In the context of the integration of Web3 and AI, privacy computing has become the core infrastructure of the digital age. Decentralized Confidential Computing (DeCC) ensures data privacy and computational correctness through cryptographic technologies without relying on centralized hardware (such as TEE). Fully Homomorphic Encryption (FHE), as the core technology of DeCC, can achieve arbitrary universal computation in an encrypted state and is considered the ultimate solution for privacy computing.

1. What is DeCC?

Traditional confidential computing relies on TEE (such as Intel SGX), but there are risks of centralization and difficulties in integrating with Web3. DeCC achieves trustless privacy computing through cryptographic means (such as MPC, ZKP, FHE). FHE is the only technology that supports universal computation in an encrypted state, becoming a key pillar of DeCC.

2. Core Value of FHE

Black-box Computing Environment

FHE allows computing nodes to process data without decryption, preventing data leakage and addressing issues such as centralized server snooping, plaintext operation on-chain, and trust in multi-party cooperation.

Verifiable Results

FHE combined with ZKP ensures that the results of encrypted computations are valid and have not been tampered with, suitable for scenarios such as financial settlement, collaborative training, and DID verification.

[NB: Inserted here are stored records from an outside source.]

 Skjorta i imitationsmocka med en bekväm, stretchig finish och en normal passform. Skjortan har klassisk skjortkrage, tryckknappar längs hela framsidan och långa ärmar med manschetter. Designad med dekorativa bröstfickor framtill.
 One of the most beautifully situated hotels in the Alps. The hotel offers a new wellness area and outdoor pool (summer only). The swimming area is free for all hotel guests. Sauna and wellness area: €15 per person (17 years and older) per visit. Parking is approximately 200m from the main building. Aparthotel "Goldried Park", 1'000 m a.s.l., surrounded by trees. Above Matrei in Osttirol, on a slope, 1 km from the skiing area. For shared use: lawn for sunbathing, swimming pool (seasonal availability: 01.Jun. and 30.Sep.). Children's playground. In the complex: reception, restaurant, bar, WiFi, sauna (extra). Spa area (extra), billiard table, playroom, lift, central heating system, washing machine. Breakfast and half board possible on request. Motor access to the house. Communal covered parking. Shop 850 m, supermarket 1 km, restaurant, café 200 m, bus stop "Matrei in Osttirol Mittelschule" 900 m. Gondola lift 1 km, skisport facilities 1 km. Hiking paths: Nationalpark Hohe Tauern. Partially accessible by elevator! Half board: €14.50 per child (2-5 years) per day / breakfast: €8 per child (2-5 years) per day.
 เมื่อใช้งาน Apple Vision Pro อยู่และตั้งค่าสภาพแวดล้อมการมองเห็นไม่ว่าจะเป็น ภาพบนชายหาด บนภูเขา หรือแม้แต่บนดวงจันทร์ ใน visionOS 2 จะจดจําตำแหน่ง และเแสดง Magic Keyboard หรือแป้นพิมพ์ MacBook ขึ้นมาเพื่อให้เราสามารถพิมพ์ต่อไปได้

3. FHE + HTTPZ: Zero Trust Computing Internet

HTTPZ is a conceptual zero-trust transmission protocol that combines FHE, ZKP, and E2EE to achieve end-to-end encryption from transmission to computation. FHE ensures end-to-end computational security, keeping the AI inference process in an encrypted state, constructing a “secure computing internet.”

4. Application Scenarios

DeFi Risk Control: Running risk control models on-chain in an encrypted manner to protect user data privacy.

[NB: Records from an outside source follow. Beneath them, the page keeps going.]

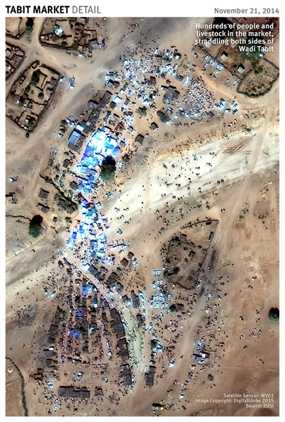 Sudanese government forces carried out three attacks against civilians in Tabit over a 36-hour period from Thursday, October 30 until Saturday, November 1, 2014. The first attack began at about 8 p.m. on October 30 and continued until very early the next morning. The second attack, on Friday, October 31, was from about 9 a.m. until noon. The third attack began at 8 p.m. on October 31 and continued until early in the morning of Saturday, November 1.
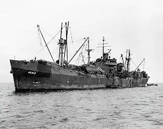 ![]() Sagittarius preparing to lower a Sea Mule over the side in April or May 1945 during the invasion of Okinawa | |
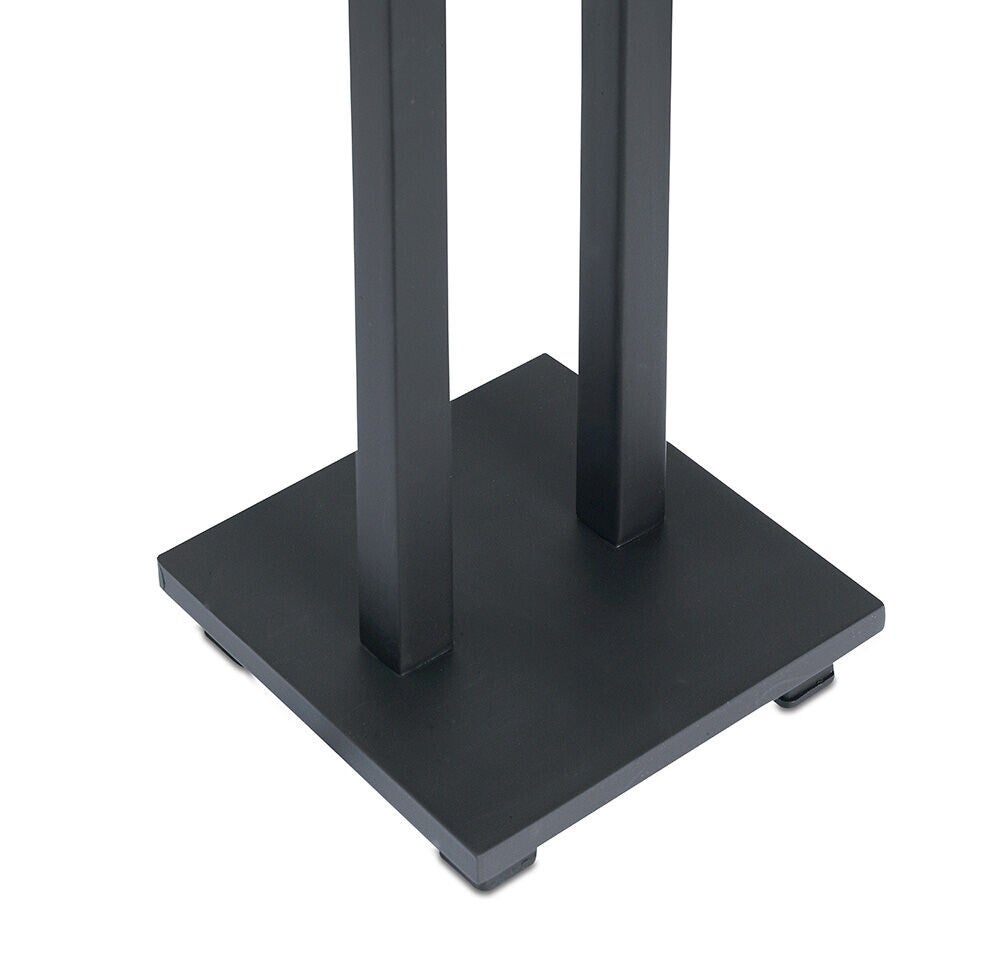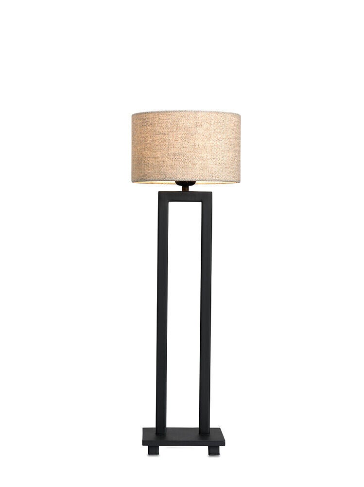Strak vormgegeven tafellamp met dubbele verticale buis, deze lamp wordt geleverd zonder kap. Naar keuze kan er een model kap bij gekozen worden, met een kap in een fluwelen stof krijgt deze lamp een nog luxere uitstraling.

Multi-party AI Training: Institutions encrypt and share data for collaborative model training on-chain.

Encrypted AI Assistant: User inquiries and AI inference are encrypted throughout, ensuring privacy.

5. Challenges and Trends

Challenges: FHE has slow computational performance, high development thresholds, and standardized protocols (such as HTTPZ) are still immature.

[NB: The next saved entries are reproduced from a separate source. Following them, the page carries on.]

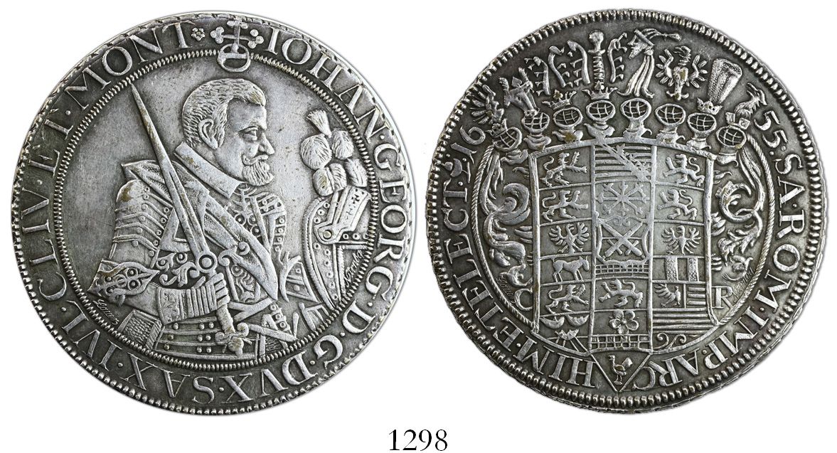 Saxony-Albertine (German States), thaler, Johann Georg I, 1655-CR. Dav-7612; KM-425. 26.84 grams. Well-detailed XF with toning on fields (nice contrast).
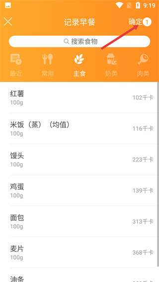 4、選好所有食物后,點(diǎn)擊頁面右上角的【確定】按鈕,即可完成本次早餐餐食的記錄操作。
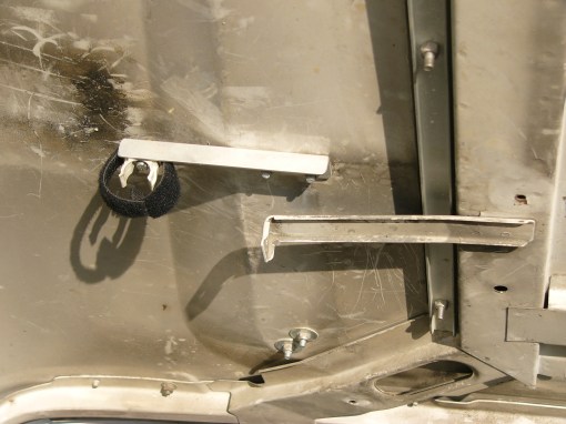 In un primo momento avevo fissato il nuovo reggicofano all’apposita staffettina già presente sotto al cofano, ma la toule marocchina e il peso del tubo me l’hanno presto criccata così ho messo un pezzo di profilato fissato ai bulloni che tengono un gancio sul cofano:
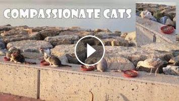 Hungry stray cats who hate birds, share their meals with a seagull with a broken leg. People can learn to be compassionate from animals. Adorable Paws
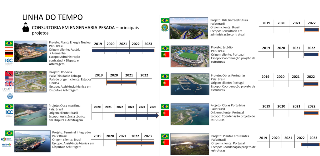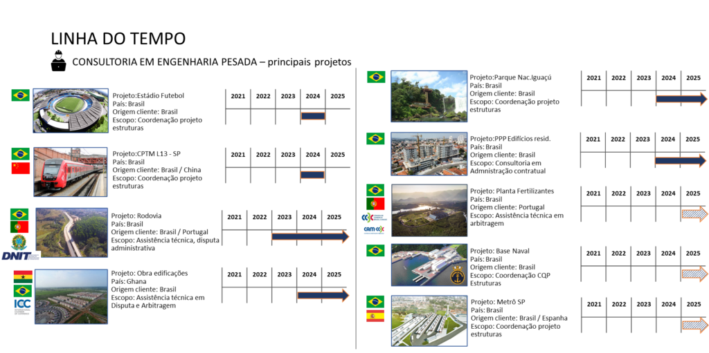 Com base na experiência corporativa prévia ao longo de 25 anos de atuação na construção pesada em diversos países, ocupando cargos operacionais e comerciais em projetos de grande porte e contratos de valor superior a USD 900 milhões, oferecemos serviços na área de consultoria em segmentos diversos:

Trends: Projects like Zama and Aleo are promoting the application of FHE, and the DeCC framework is gradually improving.

Conclusion

FHE is the core engine of DeCC, constructing a trustless privacy computing network through universal computation in an encrypted state. It is not only the infrastructure for the integration of Web3 and AI but will also drive the future “intelligent and controllable” Agentic World, becoming the “operating system” of privacy computing.